- **AIM OF THE TASK**:
Repeat the entries exactly, and do not carry the pictures over.

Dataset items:

####

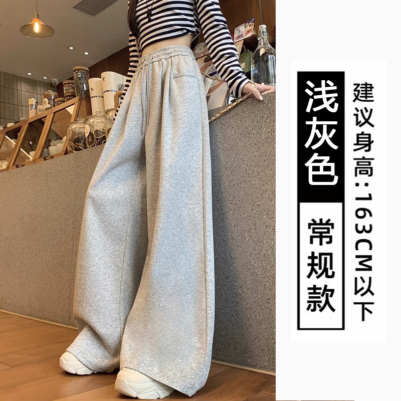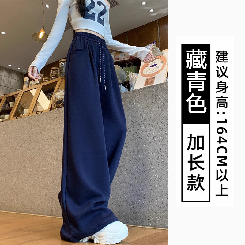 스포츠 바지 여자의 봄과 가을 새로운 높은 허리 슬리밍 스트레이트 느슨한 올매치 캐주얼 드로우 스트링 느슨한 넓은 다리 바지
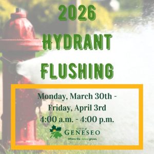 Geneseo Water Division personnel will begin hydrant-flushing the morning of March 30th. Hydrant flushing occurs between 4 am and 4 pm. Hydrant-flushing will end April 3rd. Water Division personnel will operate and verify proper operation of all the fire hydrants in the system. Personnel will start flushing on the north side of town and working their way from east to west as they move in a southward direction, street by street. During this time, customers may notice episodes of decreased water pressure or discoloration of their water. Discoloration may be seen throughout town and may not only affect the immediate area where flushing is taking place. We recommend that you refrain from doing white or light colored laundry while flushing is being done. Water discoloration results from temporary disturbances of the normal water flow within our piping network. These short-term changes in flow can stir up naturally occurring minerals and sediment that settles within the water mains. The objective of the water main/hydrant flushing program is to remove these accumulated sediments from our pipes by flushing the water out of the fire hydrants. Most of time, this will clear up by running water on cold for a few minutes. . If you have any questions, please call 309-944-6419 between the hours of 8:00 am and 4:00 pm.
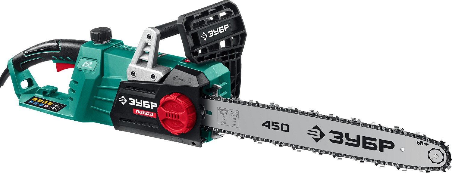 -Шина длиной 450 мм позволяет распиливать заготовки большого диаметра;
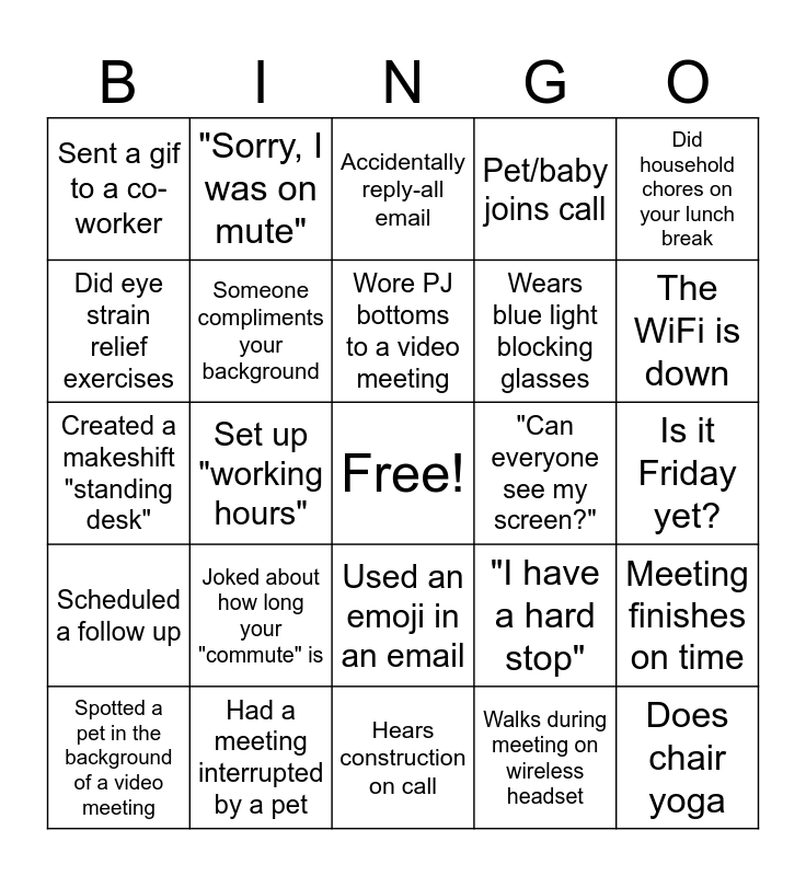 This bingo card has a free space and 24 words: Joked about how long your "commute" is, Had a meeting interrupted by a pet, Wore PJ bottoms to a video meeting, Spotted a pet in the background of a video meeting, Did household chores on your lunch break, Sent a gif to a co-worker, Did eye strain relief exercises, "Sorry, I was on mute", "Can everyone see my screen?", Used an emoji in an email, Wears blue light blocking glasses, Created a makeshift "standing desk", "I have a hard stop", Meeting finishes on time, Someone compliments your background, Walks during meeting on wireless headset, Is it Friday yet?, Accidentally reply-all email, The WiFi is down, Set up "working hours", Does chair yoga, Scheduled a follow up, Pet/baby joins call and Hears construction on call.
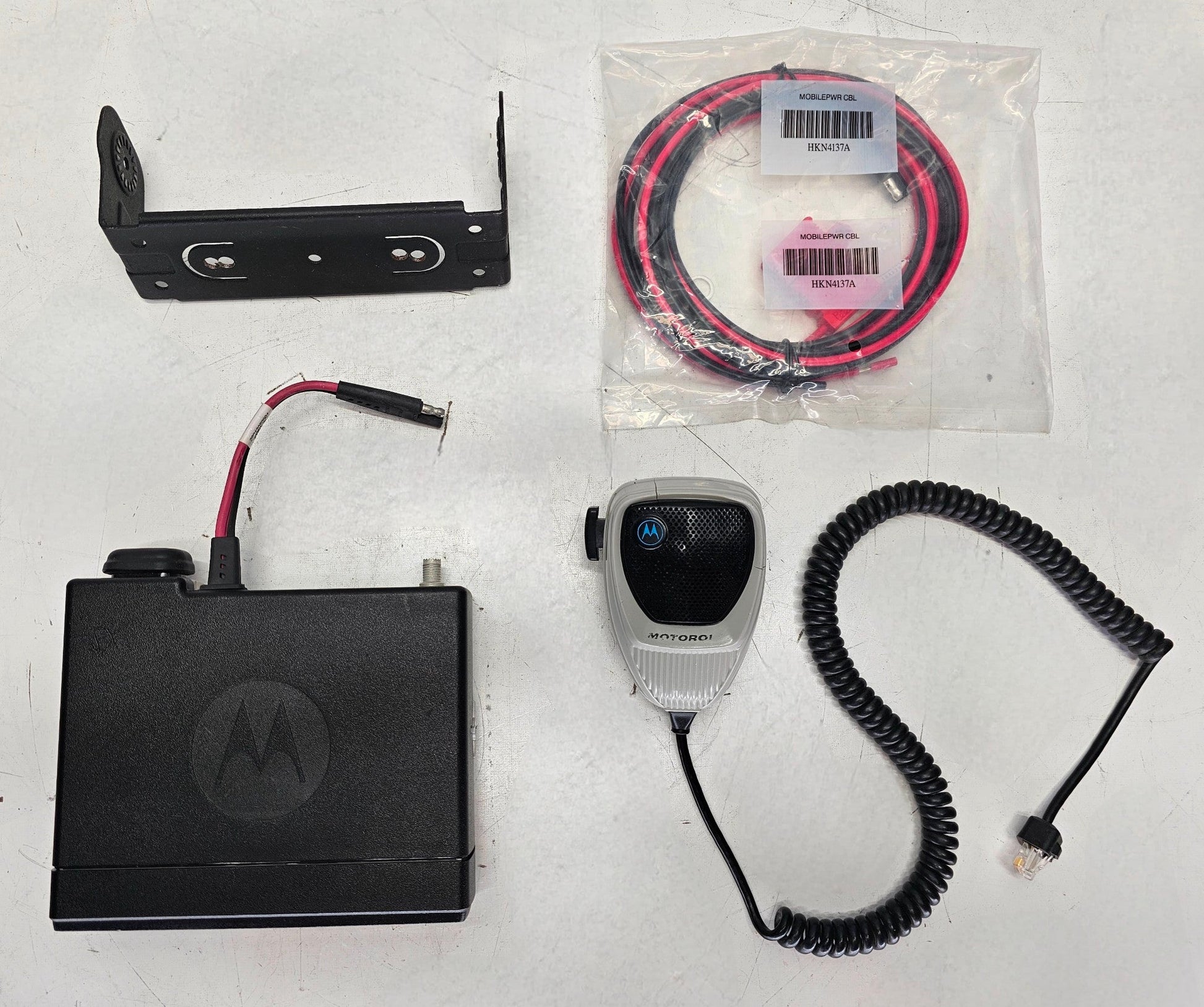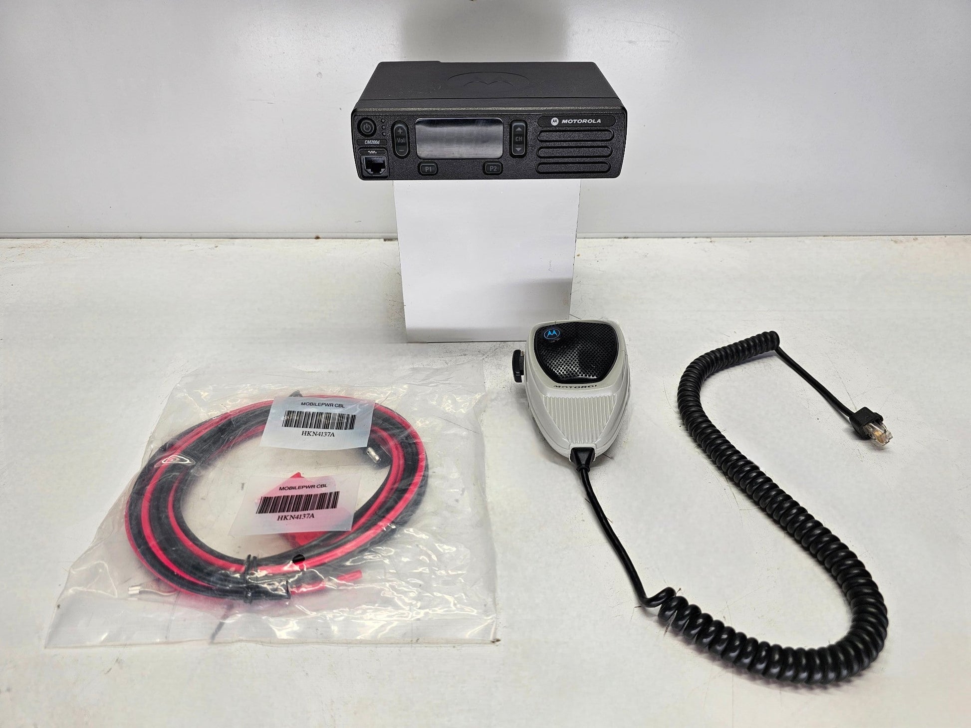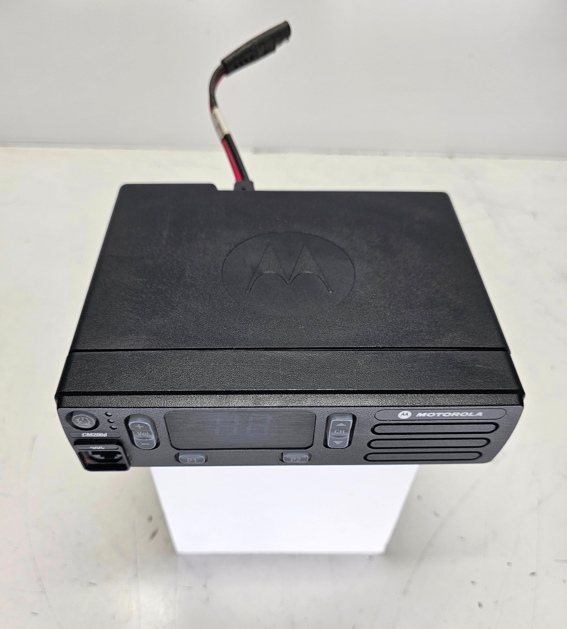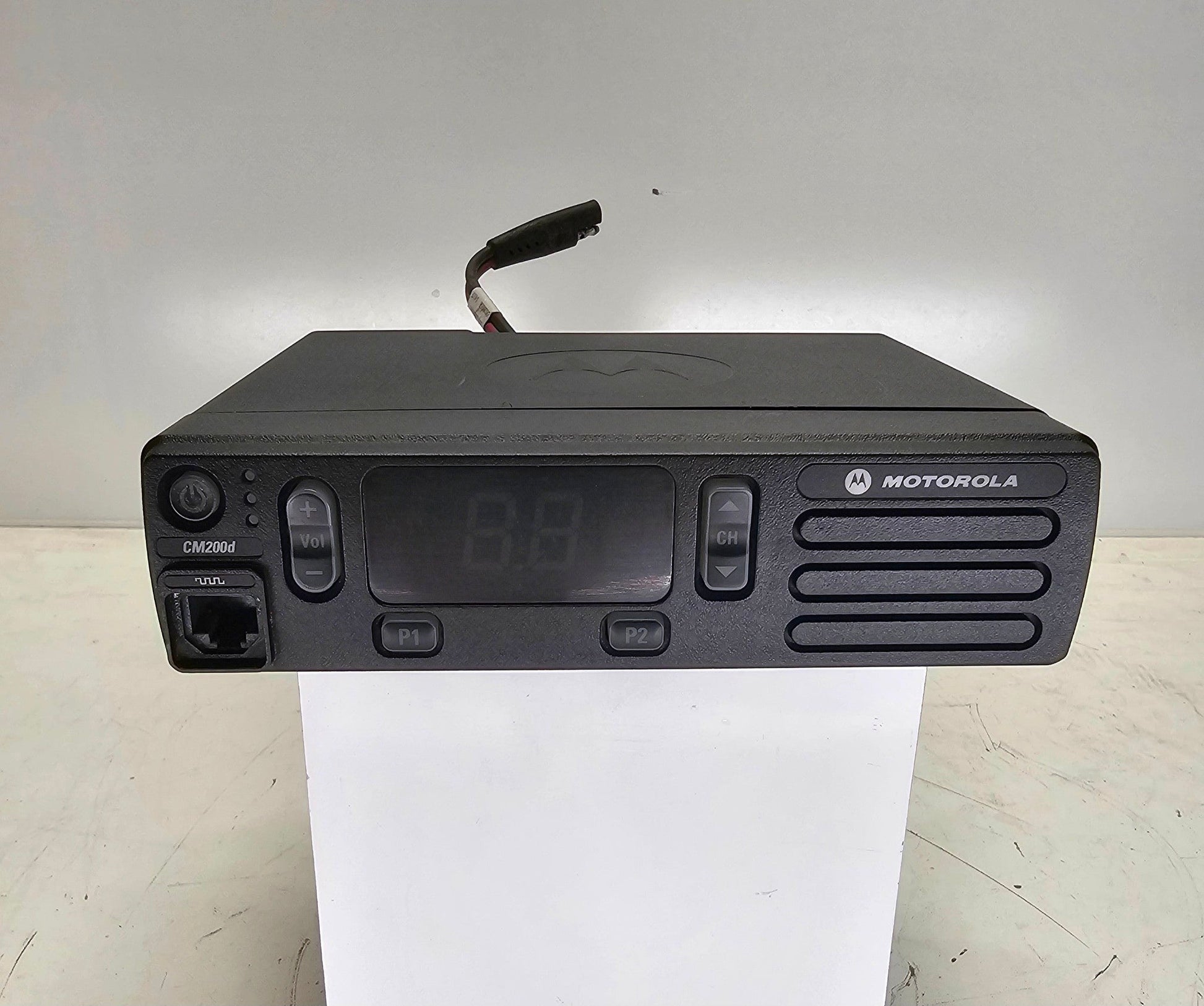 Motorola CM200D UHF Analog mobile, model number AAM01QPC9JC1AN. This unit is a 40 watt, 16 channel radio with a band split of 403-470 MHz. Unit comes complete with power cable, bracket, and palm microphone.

####

- **RESULT**:
 스포츠 바지 여자의 봄과 가을 새로운 높은 허리 슬리밍 스트레이트 느슨한 올매치 캐주얼 드로우 스트링 느슨한 넓은 다리 바지
 Geneseo Water Division personnel will begin hydrant-flushing the morning of March 30th. Hydrant flushing occurs between 4 am and 4 pm. Hydrant-flushing will end April 3rd. Water Division personnel will operate and verify proper operation of all the fire hydrants in the system. Personnel will start flushing on the north side of town and working their way from east to west as they move in a southward direction, street by street. During this time, customers may notice episodes of decreased water pressure or discoloration of their water. Discoloration may be seen throughout town and may not only affect the immediate area where flushing is taking place. We recommend that you refrain from doing white or light colored laundry while flushing is being done. Water discoloration results from temporary disturbances of the normal water flow within our piping network. These short-term changes in flow can stir up naturally occurring minerals and sediment that settles within the water mains. The objective of the water main/hydrant flushing program is to remove these accumulated sediments from our pipes by flushing the water out of the fire hydrants. Most of time, this will clear up by running water on cold for a few minutes. . If you have any questions, please call 309-944-6419 between the hours of 8:00 am and 4:00 pm.
 -Шина длиной 450 мм позволяет распиливать заготовки большого диаметра;
 This bingo card has a free space and 24 words: Joked about how long your "commute" is, Had a meeting interrupted by a pet, Wore PJ bottoms to a video meeting, Spotted a pet in the background of a video meeting, Did household chores on your lunch break, Sent a gif to a co-worker, Did eye strain relief exercises, "Sorry, I was on mute", "Can everyone see my screen?", Used an emoji in an email, Wears blue light blocking glasses, Created a makeshift "standing desk", "I have a hard stop", Meeting finishes on time, Someone compliments your background, Walks during meeting on wireless headset, Is it Friday yet?, Accidentally reply-all email, The WiFi is down, Set up "working hours", Does chair yoga, Scheduled a follow up, Pet/baby joins call and Hears construction on call.
 Motorola CM200D UHF Analog mobile, model number AAM01QPC9JC1AN. This unit is a 40 watt, 16 channel radio with a band split of 403-470 MHz. Unit comes complete with power cable, bracket, and palm microphone.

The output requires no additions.